Quant à Yu Zhan'ao, personnalité rude et fière forgée dans l'humiliation, ne répugnant ni à l'assassinat, ni au kidnapping, rebelle à l'autorité, capable de mûrir de loin ses vengeances, il connaîtra lui aussi bien des vicissitudes, tour à tour porteur de palanquin et chef de brigands. Et même si ses talents de meneur d'hommes seront parfois mis à mal par son manque de lucidité, sa pugnacité dans sa résistance à l'ennemi, comme d'ailleurs à toute forme d'embrigadement, l'auréoleront d'une image tout aussi légendaire.
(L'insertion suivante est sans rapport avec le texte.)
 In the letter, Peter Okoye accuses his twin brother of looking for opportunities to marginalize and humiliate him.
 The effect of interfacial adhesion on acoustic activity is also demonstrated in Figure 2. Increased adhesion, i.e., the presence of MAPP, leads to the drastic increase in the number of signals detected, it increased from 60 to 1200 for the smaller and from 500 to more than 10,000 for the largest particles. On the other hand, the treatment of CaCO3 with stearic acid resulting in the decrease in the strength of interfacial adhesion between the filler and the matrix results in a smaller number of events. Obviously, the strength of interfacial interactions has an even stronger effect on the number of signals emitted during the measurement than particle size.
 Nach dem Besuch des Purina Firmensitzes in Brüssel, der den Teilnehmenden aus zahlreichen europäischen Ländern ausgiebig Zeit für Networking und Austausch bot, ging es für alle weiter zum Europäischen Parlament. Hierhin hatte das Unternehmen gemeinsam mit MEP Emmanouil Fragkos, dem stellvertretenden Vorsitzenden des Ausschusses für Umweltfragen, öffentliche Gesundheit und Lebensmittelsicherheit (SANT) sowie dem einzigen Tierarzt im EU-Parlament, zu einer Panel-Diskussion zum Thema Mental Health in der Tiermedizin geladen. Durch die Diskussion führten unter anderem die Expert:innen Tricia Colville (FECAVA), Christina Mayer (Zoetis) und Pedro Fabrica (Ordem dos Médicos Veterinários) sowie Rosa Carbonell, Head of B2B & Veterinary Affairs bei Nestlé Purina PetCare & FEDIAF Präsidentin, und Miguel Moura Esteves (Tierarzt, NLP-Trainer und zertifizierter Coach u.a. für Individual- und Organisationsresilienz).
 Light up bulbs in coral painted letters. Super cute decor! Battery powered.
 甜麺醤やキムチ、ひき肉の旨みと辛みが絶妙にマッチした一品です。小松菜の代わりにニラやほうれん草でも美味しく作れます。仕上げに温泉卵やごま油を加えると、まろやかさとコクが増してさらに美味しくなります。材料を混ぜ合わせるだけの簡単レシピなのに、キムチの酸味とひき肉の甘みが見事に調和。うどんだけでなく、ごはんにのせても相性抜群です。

Ce sont en particulier les parcours hors normes de ces deux figures dominantes, toutes deux fortes et transgressives unies dans une passion orageuse tissée d'amour et de haine parfois, qui constituent la trame de ce récit, parcours jalonnés d'épisodes tour à tour cocasses ou romanesques, mais le plus souvent tragiques et sanglants.
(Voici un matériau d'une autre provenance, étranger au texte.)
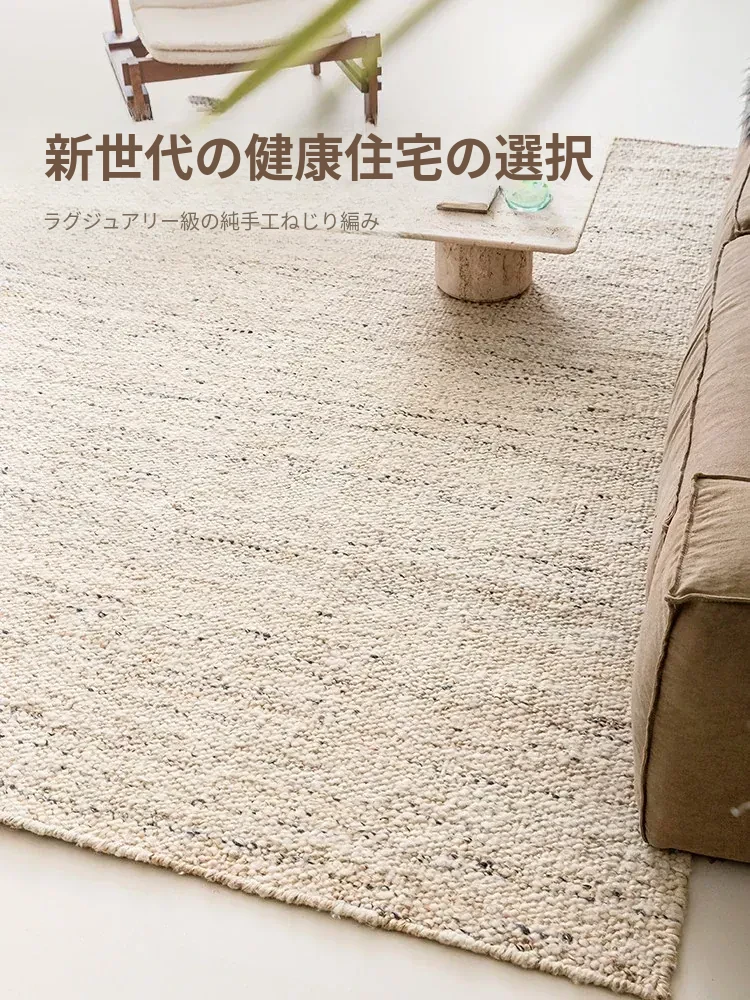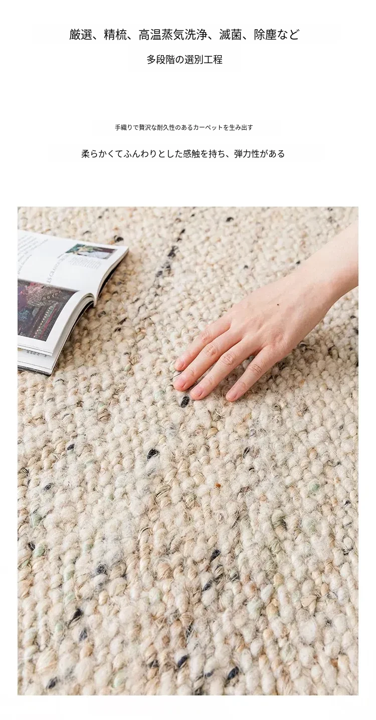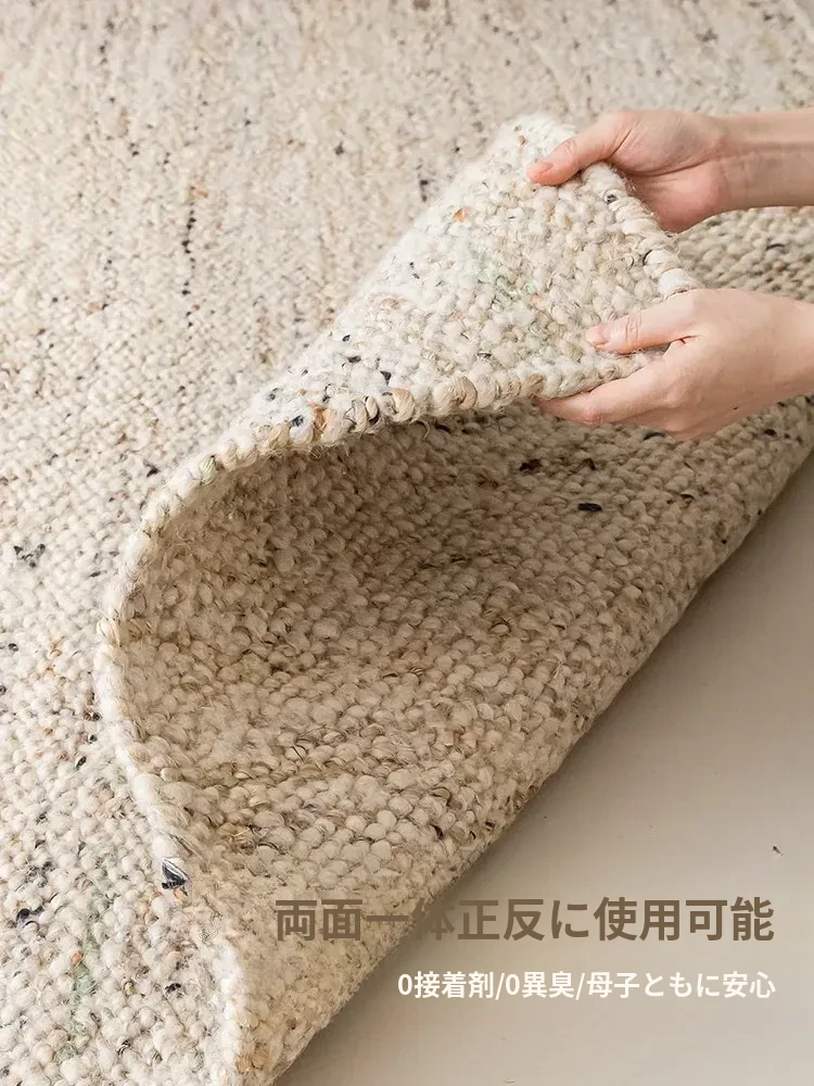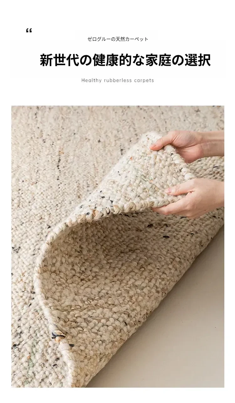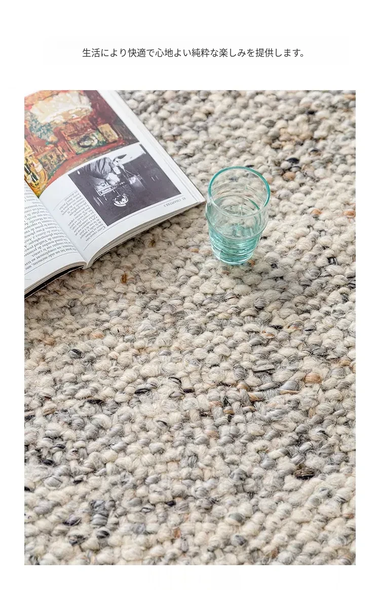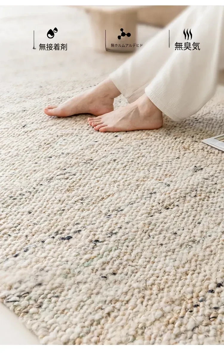 視覚的な美味しさを楽しむ!接着剤なし・ホルムアルデヒドフリーの手作りウールカーペット。リビングや寝室にぴったりな侘寂スタイルのシンプルなカラー。心地よい空間を演出します!

A travers eux, à travers le comportement valeureux du jeune Douguan combattant aux côtés de son père, le narrateur rend hommage à la volonté, au courage et à l'esprit d'indépendance et de liberté.
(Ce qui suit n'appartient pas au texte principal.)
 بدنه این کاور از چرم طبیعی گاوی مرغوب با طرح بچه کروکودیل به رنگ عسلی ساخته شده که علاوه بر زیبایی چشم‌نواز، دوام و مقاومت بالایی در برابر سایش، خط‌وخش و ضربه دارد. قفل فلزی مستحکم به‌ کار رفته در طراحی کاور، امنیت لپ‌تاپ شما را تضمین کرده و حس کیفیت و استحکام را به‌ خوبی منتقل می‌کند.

Comme à son habitude, Mo Yan nous entraîne dans une structure assez complexe, un enchevêtrement chronologique brillamment maîtrisé qui permet de jouer sur le mélange des registres et de relancer sans cesse la dynamique du récit. Le lecteur, lui, a parfois bien du mal à suivre, mais au final, le puzzle sera reconstitué; nombre de points qui l'auront intrigué auront trouvé réponse, même si quelques-uns, probablement moins glorieux (notamment sur la suite du destin de Yu ) resteront en suspens, entraînant une certaine frustration.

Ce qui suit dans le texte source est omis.